§ **TASK TO COMPLETE**
The needed output is the run of lines below from the one containing "in color. Areas" through the one containing "Wow, was für", copied exactly and free of pictures.

§ **DATA IN THIS EXERCISE**
------------------------------------------------------------------------
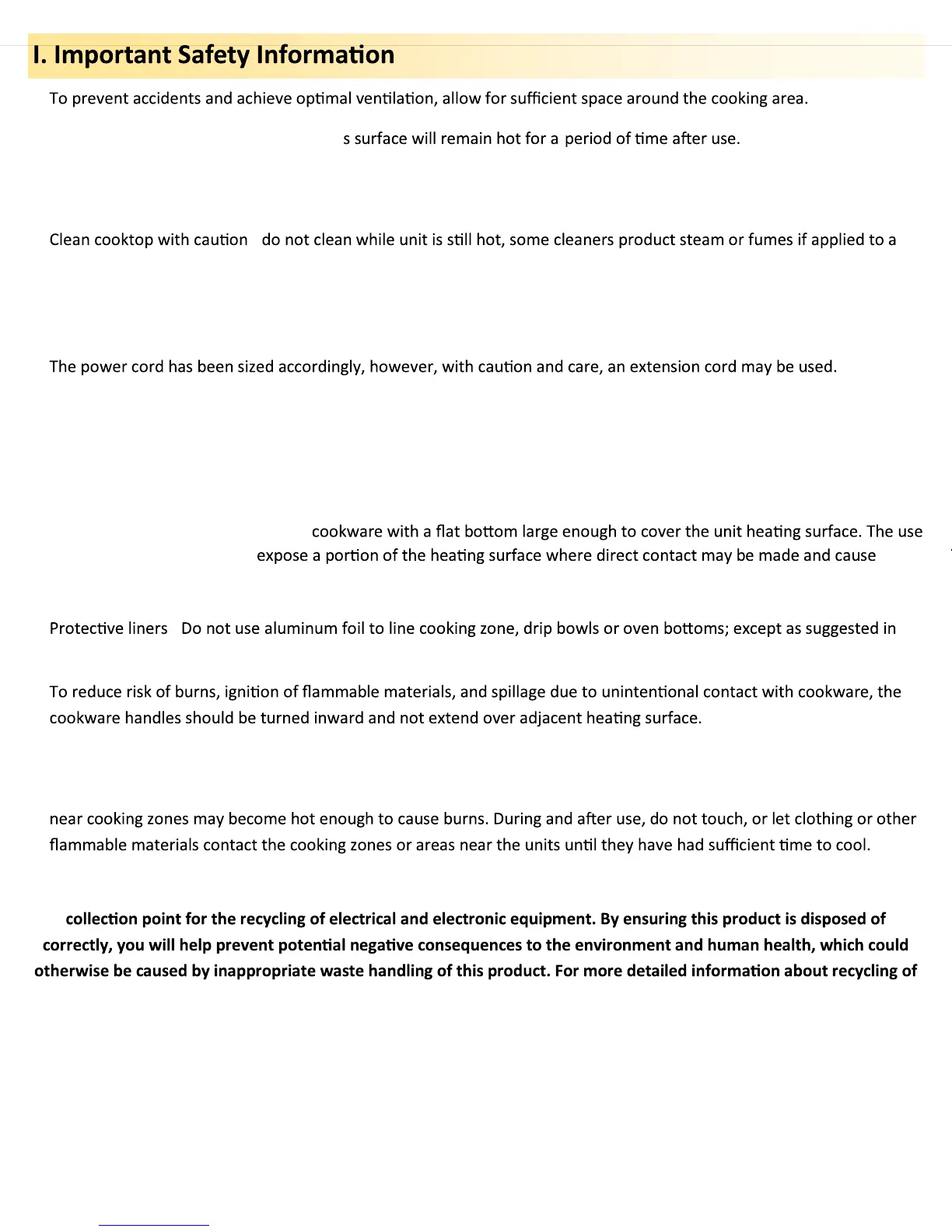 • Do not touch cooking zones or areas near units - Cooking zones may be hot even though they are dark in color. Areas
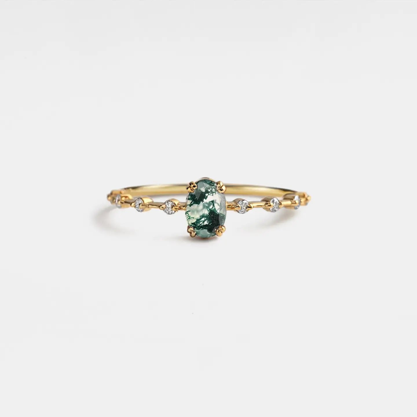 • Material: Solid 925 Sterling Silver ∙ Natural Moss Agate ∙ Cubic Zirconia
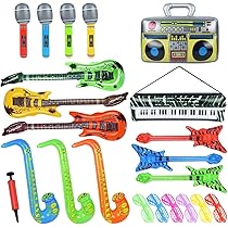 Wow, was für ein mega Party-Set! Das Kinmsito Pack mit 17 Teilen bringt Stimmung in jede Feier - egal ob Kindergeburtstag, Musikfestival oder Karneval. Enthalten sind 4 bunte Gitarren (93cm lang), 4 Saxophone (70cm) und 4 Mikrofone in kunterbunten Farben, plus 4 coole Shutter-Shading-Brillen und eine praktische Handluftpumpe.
------------------------------------------------------------------------
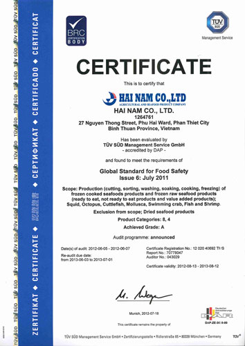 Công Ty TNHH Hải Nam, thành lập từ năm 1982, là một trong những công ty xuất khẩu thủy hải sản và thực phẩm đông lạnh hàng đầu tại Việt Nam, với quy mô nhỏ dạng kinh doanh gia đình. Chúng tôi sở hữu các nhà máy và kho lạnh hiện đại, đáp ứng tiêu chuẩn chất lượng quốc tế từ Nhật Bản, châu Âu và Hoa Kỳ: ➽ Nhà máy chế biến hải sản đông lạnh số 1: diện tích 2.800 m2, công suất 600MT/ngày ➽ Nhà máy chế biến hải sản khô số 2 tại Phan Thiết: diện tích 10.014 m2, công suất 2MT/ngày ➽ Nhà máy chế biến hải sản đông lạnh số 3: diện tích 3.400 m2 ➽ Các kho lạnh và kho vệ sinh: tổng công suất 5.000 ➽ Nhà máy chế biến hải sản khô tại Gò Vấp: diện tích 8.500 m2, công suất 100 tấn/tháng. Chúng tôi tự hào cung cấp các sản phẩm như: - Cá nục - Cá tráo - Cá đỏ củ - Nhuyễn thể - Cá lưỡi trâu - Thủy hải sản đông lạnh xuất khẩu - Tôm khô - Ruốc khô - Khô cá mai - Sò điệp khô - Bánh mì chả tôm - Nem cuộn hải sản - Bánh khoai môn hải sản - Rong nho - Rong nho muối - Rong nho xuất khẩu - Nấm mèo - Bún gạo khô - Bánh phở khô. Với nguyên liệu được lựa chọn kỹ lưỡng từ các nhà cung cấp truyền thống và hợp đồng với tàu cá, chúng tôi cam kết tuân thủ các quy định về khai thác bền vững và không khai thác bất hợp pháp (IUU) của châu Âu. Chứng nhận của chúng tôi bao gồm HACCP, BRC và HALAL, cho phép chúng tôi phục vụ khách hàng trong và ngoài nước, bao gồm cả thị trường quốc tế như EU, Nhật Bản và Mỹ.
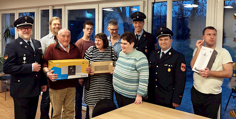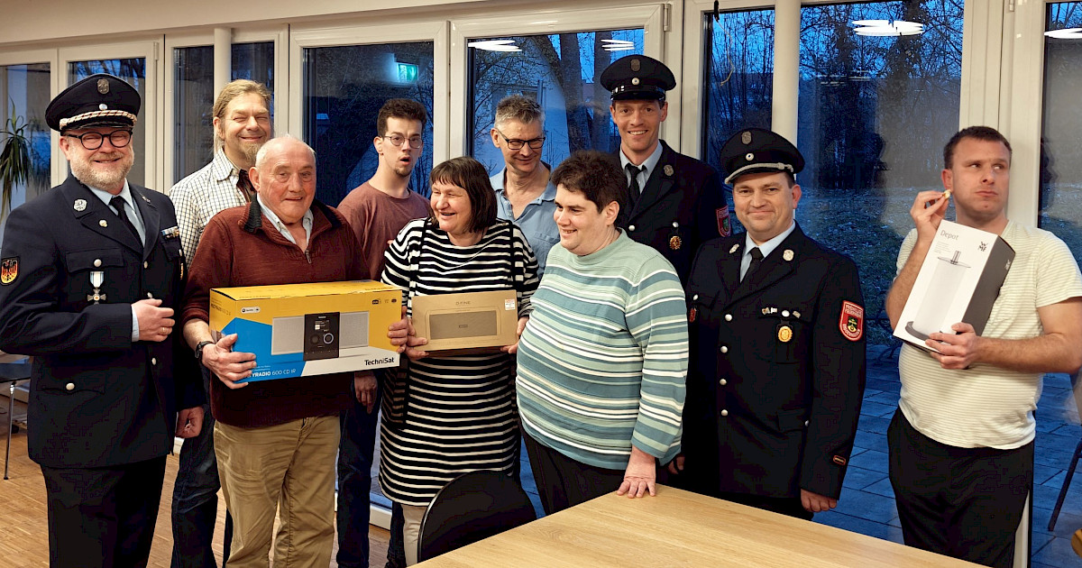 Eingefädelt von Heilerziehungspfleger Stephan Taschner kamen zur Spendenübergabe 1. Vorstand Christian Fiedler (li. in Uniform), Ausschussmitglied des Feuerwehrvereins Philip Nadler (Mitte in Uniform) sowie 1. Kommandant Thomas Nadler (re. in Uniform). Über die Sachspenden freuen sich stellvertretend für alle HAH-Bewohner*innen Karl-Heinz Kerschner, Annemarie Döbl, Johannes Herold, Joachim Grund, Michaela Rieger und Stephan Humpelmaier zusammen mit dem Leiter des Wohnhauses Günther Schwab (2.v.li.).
------------------------------------------------------------------------
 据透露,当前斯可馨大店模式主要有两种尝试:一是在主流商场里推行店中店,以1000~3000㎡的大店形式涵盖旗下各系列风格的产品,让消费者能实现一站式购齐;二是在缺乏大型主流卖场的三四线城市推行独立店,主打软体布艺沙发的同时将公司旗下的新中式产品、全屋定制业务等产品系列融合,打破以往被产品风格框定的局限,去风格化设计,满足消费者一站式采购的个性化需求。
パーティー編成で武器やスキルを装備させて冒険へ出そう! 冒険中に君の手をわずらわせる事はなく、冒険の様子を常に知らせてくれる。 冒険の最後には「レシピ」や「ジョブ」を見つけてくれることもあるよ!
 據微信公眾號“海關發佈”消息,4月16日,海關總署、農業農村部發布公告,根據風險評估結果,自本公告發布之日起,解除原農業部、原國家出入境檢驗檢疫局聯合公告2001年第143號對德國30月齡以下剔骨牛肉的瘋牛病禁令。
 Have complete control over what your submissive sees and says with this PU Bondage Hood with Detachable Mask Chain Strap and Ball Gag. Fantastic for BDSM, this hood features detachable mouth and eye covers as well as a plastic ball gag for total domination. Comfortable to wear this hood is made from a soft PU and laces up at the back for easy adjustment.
------------------------------------------------------------------------
§ **EXPECTED ANSWER**
 • Do not touch cooking zones or areas near units - Cooking zones may be hot even though they are dark in color. Areas
 • Material: Solid 925 Sterling Silver ∙ Natural Moss Agate ∙ Cubic Zirconia
 Wow, was für ein mega Party-Set! Das Kinmsito Pack mit 17 Teilen bringt Stimmung in jede Feier - egal ob Kindergeburtstag, Musikfestival oder Karneval. Enthalten sind 4 bunte Gitarren (93cm lang), 4 Saxophone (70cm) und 4 Mikrofone in kunterbunten Farben, plus 4 coole Shutter-Shading-Brillen und eine praktische Handluftpumpe.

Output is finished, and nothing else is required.